In questo studio, campioni omogeneizzati di latte intero crudo (~ 4,5% di grasso del latte) sono stati contaminati artificialmente con una concentrazione/titolo medio del virus A(H5N1) di 6,7 ± 0,2 log10 EID (dosi infettive dell’uovo)50 per millilitro; un titolo superiore a quelli trovati nei campioni di latte crudo proveniente da mandrie da latte colpite (compreso tra 1,3 e 6,3 log10 EID50/mL).
Nessun virus vitale è stato rilevato dopo la pastorizzazione. Da notare che una riduzione media di ≥ 5,8 ± 0,2 log10 EID50/mL si è già verificata durante la fase di riscaldamento, quando il latte è stato portato a 72,5°C. Gli autori stimano, sulla base del supporto dell’analisi del trasferimento di calore, che i parametri standard di pastorizzazione HTST a flusso continuo degli Stati Uniti inattiveranno > 12 log10 EID50/mL di virus HPAI (Spackman et al, 2024).

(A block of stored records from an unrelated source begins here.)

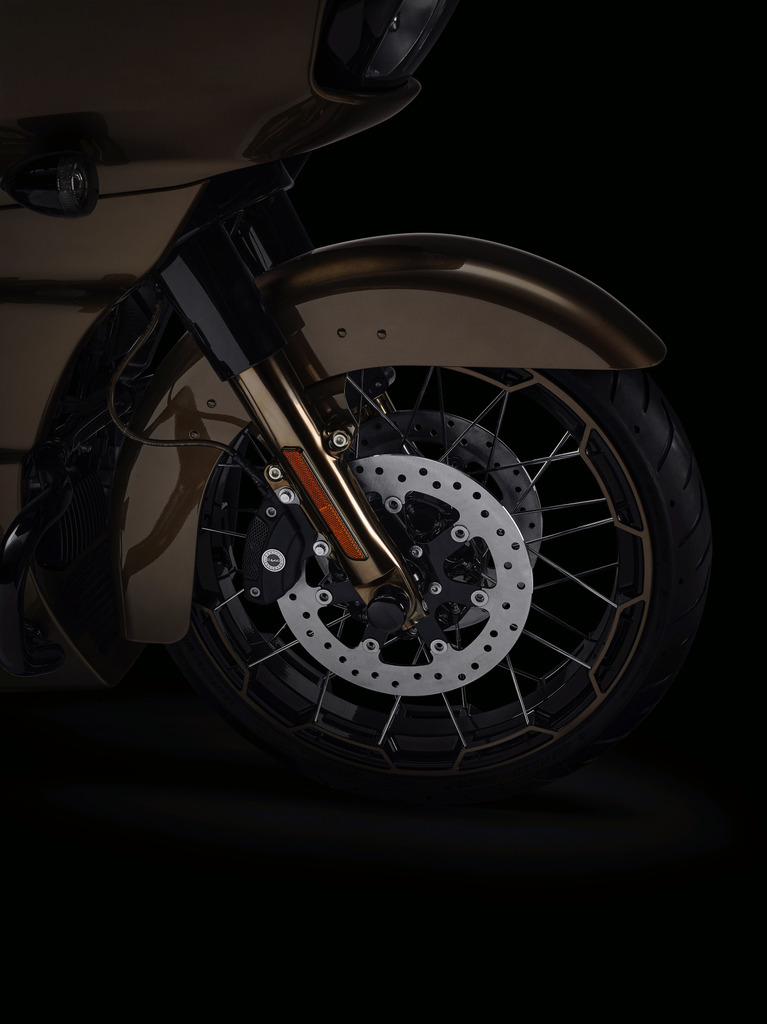 The CVO Road Glide has exclusive features such as Stage II Harley-Davidson® Audio powered by Rockford Fosgate, Dual Daymaker® LED Headlamps, RDRS Safety Enhancements, and Wireless headsets are but a few. Exclusive paint finishes and 21-inch front and 18-inch rear wheel finished in gloss black and contrast smoked satin, this set adds the ultimate one-of-a-kind style.
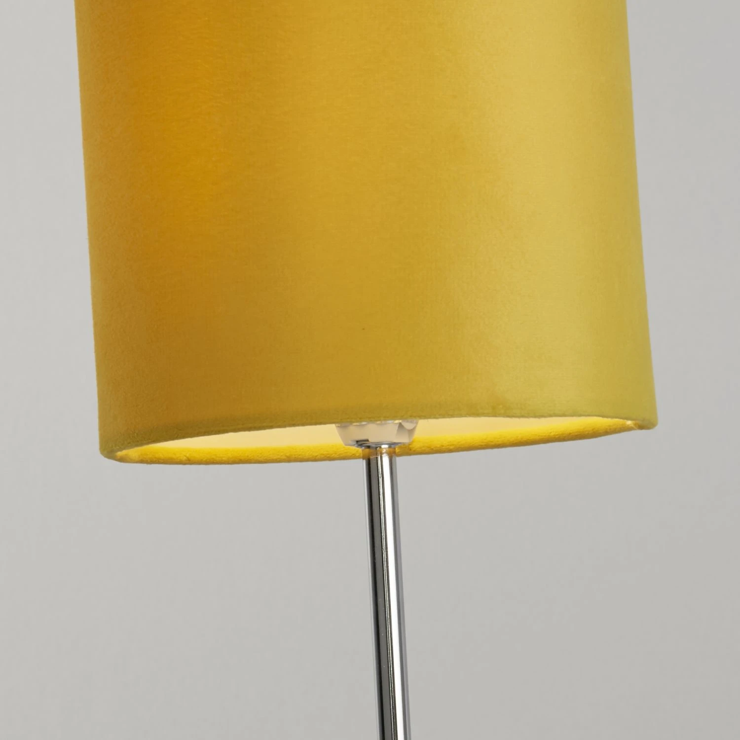 With its cylindrical design, the vibrant mustard shade atop a sleek chrome base brings a stylish touch to any room, while its slender appearance ensures suitability for various spaces.
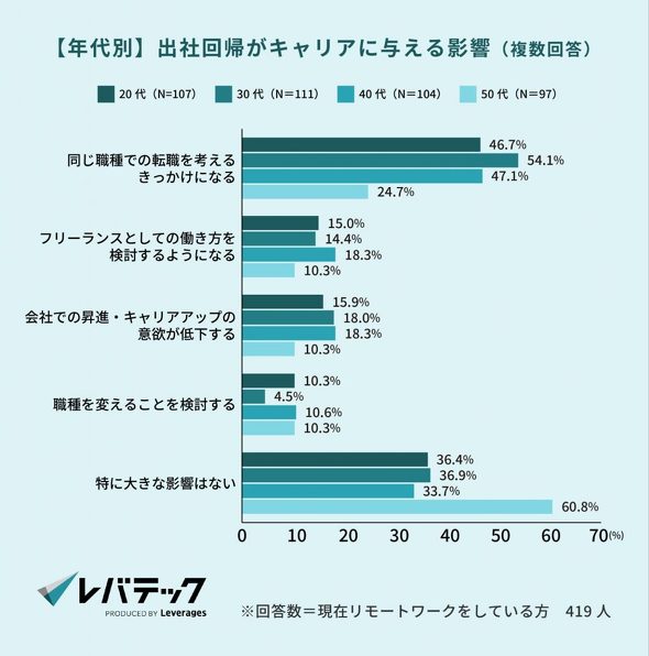 こうした「テレワークへの期待」は仕事へのモチベーションにもつながっているようだ。現在テレワークを実施している人に「今後勤務先が出社回帰の方針を打ち出した場合、キャリアプランにどのような影響を与えるか」と聞いたところ、43.7%が「同職種での転職を検討する」と回答した。回答者の年代を30代に限定すると過半数(54.1%)が転職の意思を示した。
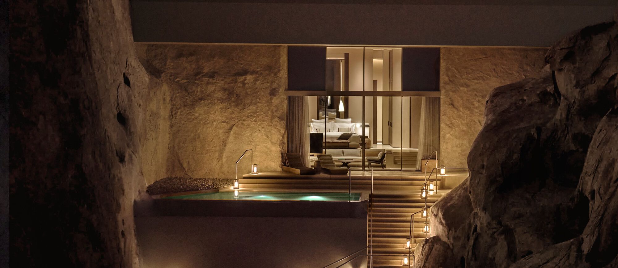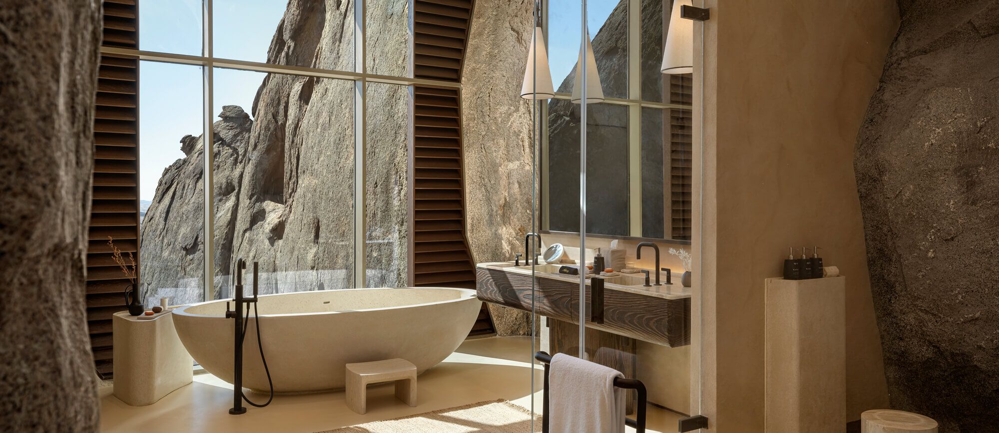 建物が周囲の5百万年の花崗岩の谷間に溶け込むように設計されており、従来の高級リゾートとは一線を画す“地形そのものを宿泊施設に変える”アプローチが取られています。
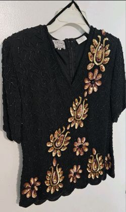 Vtg 100% Silk Sequin Size S-M Black with Flowers By Sténay Made In India V-Neck$20Tucson, AZ
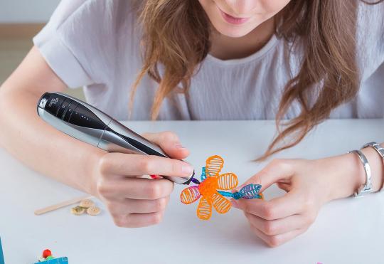В Томске разработали 3D-ручку CreoPop. Что в ней такого, спросите вы. Ручек такого формата – море, и что-то новенькое здесь придумать проблематично. Ан нет. В ручке CreoPop нет привычного пластика, который надо разогревать и потом им рисовать. В ней вроде бы обычные чернила, только очень густые. Это фотополимеры, которые застывают от ультрафиолета. Благодаря этому в ручке нет нагрева и она намного безопаснее для детей, нежели ее аналоги. Чернила CreoPop безопасны для человека и по своим свойствам напоминают воск наоборот. На кончике ручки установлены три мощных ультрафиолетовых светодиода. Когда направляешь их на чернила, они мгновенно затвердевают. Три секунды – и жидкая картинка стала твердой игрушкой. Ручка CreoPop сделана не столько для моделирования, сколько для рисования и последующего отделения двухмерных фигур от бумаги. Это и есть ее основной режим работы: светодиоды работают одновременно с подачей чернил, превращая рисунок в твердый предмет в реальном времени.
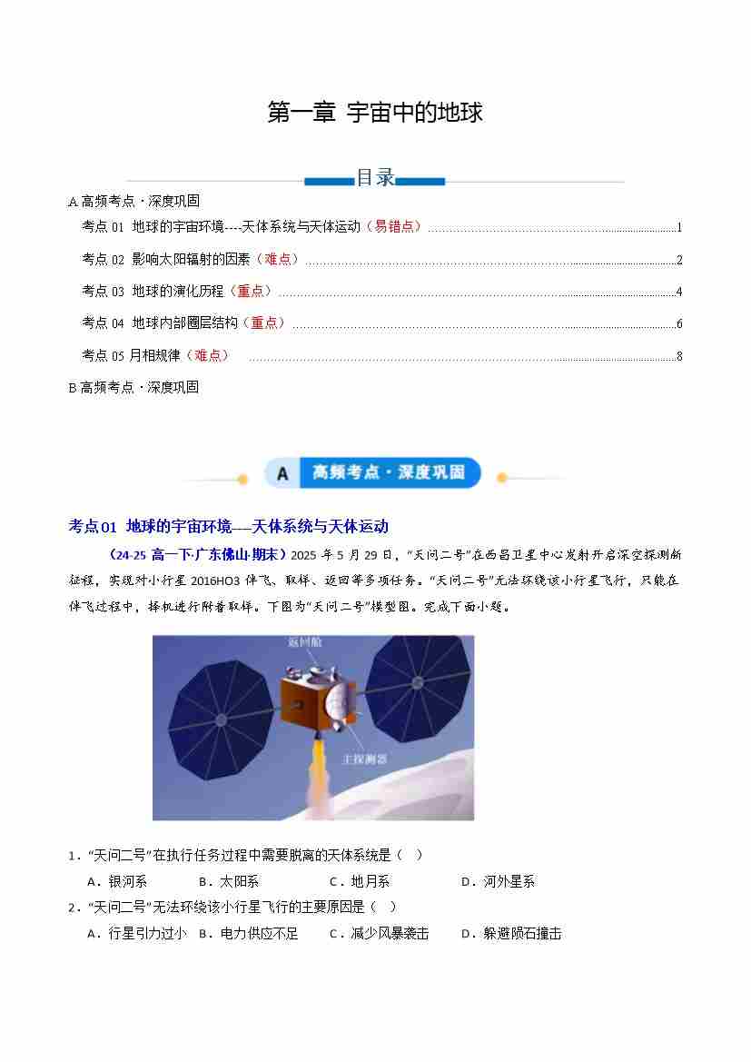 专题01 宇宙中的地球(专项训练)(学生版)
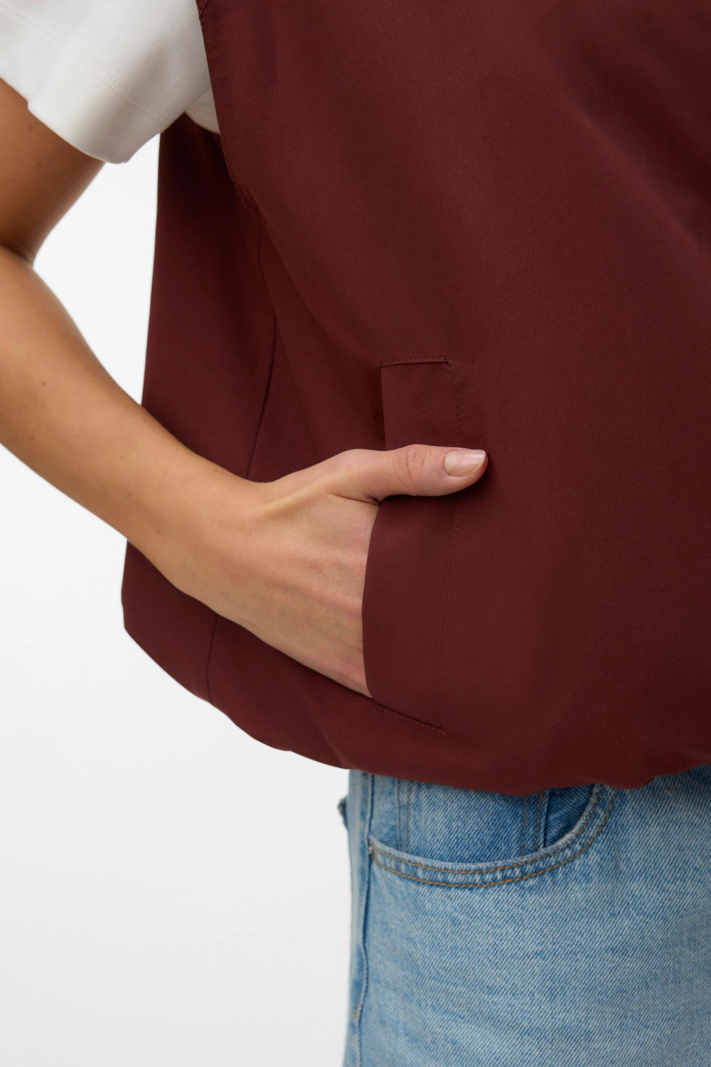 Dit elegante gilet van Vero Moda is een verfijnde toevoeging aan jouw casual garderobe. Het gilet is vervaardigd uit 100% gerecycled polyester en straalt daarmee niet alleen stijl uit, maar ook duurzaamheid. Met een high neck en een praktische rits aan de voorkant, biedt deze regular fit zowel comfort als een moderne uitstraling. De diepe wijnrode kleur zorgt voor een warme en veelzijdige look die zich moeiteloos laat combineren met verschillende outfits. Dankzij de handige steekzakken is dit mouwloze gilet niet alleen modieus, maar ook praktisch voor dagelijkse activiteiten in de lente. Perfect voor een informele lunch, een wandeling of een dagje in de stad. De normale lengte en het gebruik van lichte materialen maken het een geschikte keuze voor de veranderlijke lente dagen. Combineer het met een jeans en sneakers voor een ontspannen look, of draag het over een blouse voor een meer verfijnde stijl. Dit Vero Moda gilet is een veelzijdige keuze die bij elke gelegenheid past.
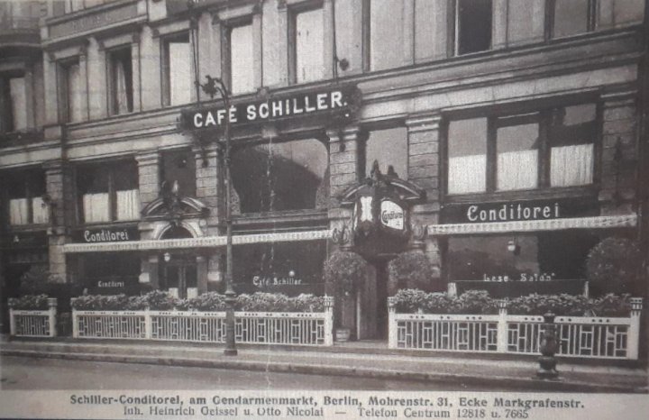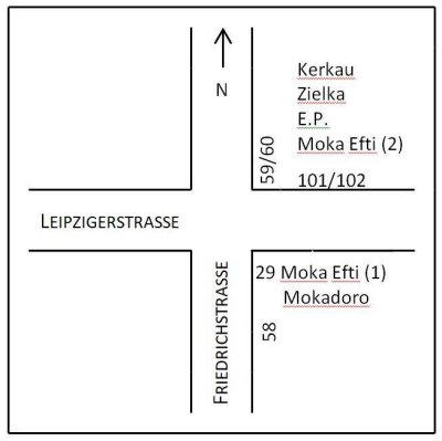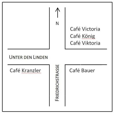 A glance at a reference book of the time ─ Ranneforths Schach-Kalender 1925, for example ─ shows that a number of Berlin clubs met in cafés and restaurants throughout the city. However, there was an area which was of particular significance, namely the section of Friedrichstrasse between Unter den Linden to Leipzigerstrasse, and several cross streets.
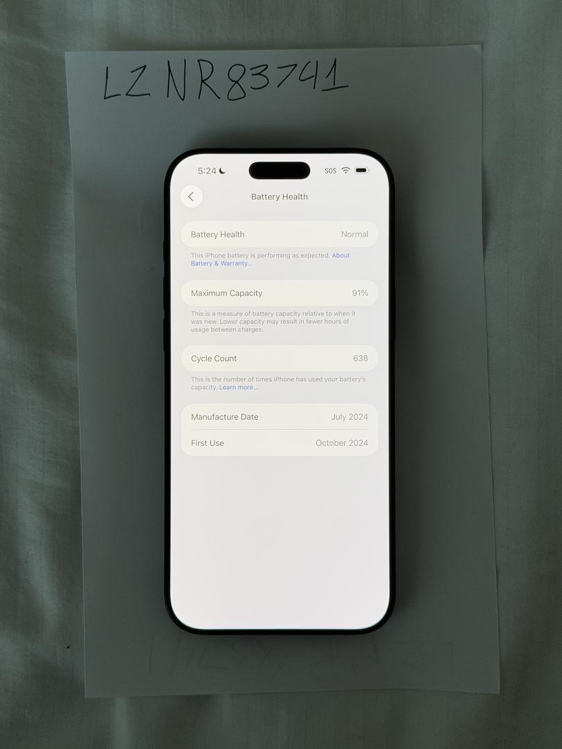 Selling my iPhone 16 Pro Max in Black, in mint condition. The phone has no scratches, cracks, or cosmetic damage and has been well cared for. Was always used with a case and screen protector.

Uno studio di laboratorio condotto in Cina con diversi virus conferma l’efficacia della pastorizzazione del latte utilizzando sia HTST (72°C per 15 s) che a bassa temperatura (LTLT) (63°C per 30 min). La ricerca ha dimostrato che il trattamento termico può inattivare efficacemente fino a 7,75 log10 EID50/mL del virus A(H5) nel latte crudo (Cui et al., 2024; Nooruzzaman et al., 2024).
In futuro, il governo degli Stati Uniti prevede di continuare a testare campioni di latte venduto al dettaglio, affrontando le lacune geografiche e di prodotto, campionando bovini da latte abbattuti negli impianti di lavorazione della carne e conducendo ulteriori ricerche sulla pastorizzazione e altri metodi di inattivazione (ad es. soglie di temperatura, durata dell’applicazione). Per quanto riguarda la sicurezza del lattosio, un sottoprodotto del latte, regolarmente utilizzato come ingrediente per mangimi in animali domestici come i suini, uno studio condotto di recente ha dimostrato il successo dell’inattivazione del virus mediante procedure industriali.